> [EXERCISE DIRECTIONS] The listing below should be reproduced exactly, with the pictures omitted.

> [GIVEN DATA]
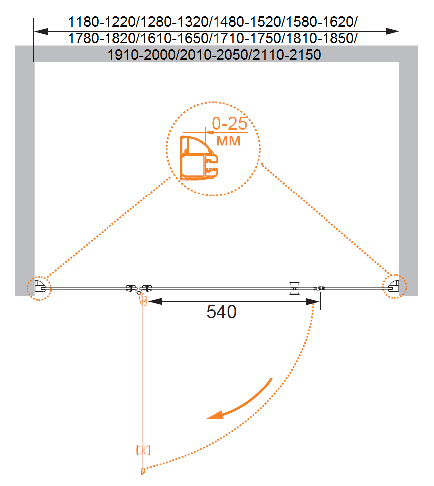 - Габариты с диапазоном регулировок (1280-1320)х1950 мм, ширина входа 550 мм
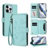 For iPhone 16 Pro Max Leather Case Butterfly Floral Imprint Zipper Wallet Stand Cover with Wrist Strap
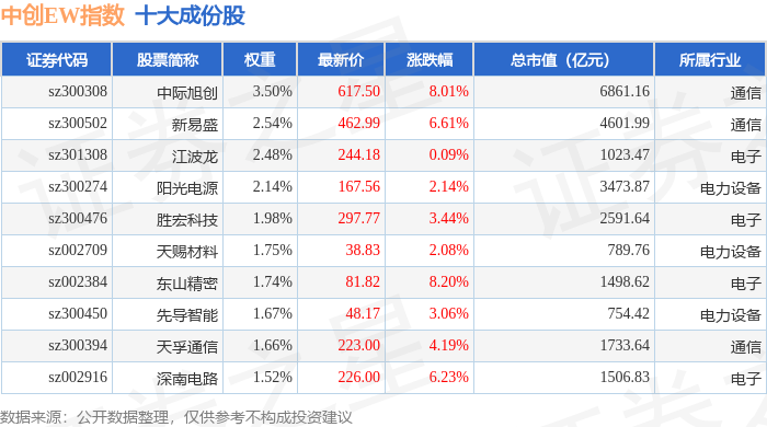 中创EW(399660)指数十大成份股详情如下:

> [WRITTEN SOLUTION]
 - Габариты с диапазоном регулировок (1280-1320)х1950 мм, ширина входа 550 мм
 For iPhone 16 Pro Max Leather Case Butterfly Floral Imprint Zipper Wallet Stand Cover with Wrist Strap
 中创EW(399660)指数十大成份股详情如下:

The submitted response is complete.